To outsiders, China has looked like a shining example of what growth can accomplish, yet it has achieved its success by strangling personal consumption (which was the engine of growth in the U.S. and Europe) and sidelining small-scale entrepreneurs in favor of state-owned businesses and selected multinational corporations. Only a small percentage of its population has shared in the bounty.
China’s leaders are aware of the pitfalls of pursuing the Japanese development model, and have issued a comprehensive slate of reforms to foster consumption and curb excessive capital investment. But these efforts will only work if the U.S. and the rest of the world return to a path of growing consumption. If not, China’s choices may be limited. An export-driven economy can only succeed if others can afford to import.
1. This section draws heavily on the article “The Japan Syndrome” by Ethan Devine.
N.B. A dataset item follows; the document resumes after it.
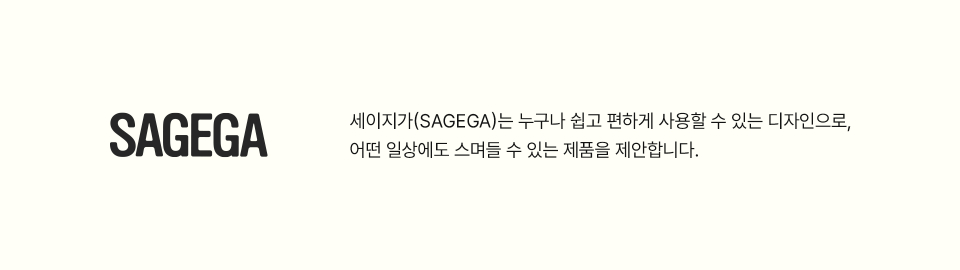 세이지가(SAGEGA)는 누구나 쉽고 편하게 사용할 수 있는 디자인으로, 어떤 일상에도 스며들 수 있는 제품을 제안하는 브랜드입니다.
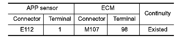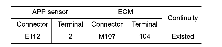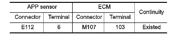 1. Check the continuity between APP sensor harness connector and ECM harness connector.

However, see also the work of Chalmers Johnson on “the developmental state.” Ethan Devine, “The Japan Syndrome,” Foreign Policy, September 30, 2010; Chalmers Johnson, MITI and the Japanese Miracle: The Growth of Industrial Policy, 1925-1975 (Stanford, CA: Stanford University Press, 1982).
2. Devine, “The Japan Syndrome,” Foreign Policy.
3. From a social standpoint, Japan handled its economic transition away from high growth rates well: throughout the 1990s, the Japanese unemployment rate was about three percent, only half the U.S. rate at the time. The Japanese also maintained universal health care, and had low wealth inequality, low rates of infant mortality, crime and incarceration, as well as the highest life expectancy. Steven Hill, “Reconsidering Japan and Reconsidering Paul Krugman,”, posted December 12, 2010.
4. Devine, “The Japan Syndrome,” Foreign Policy.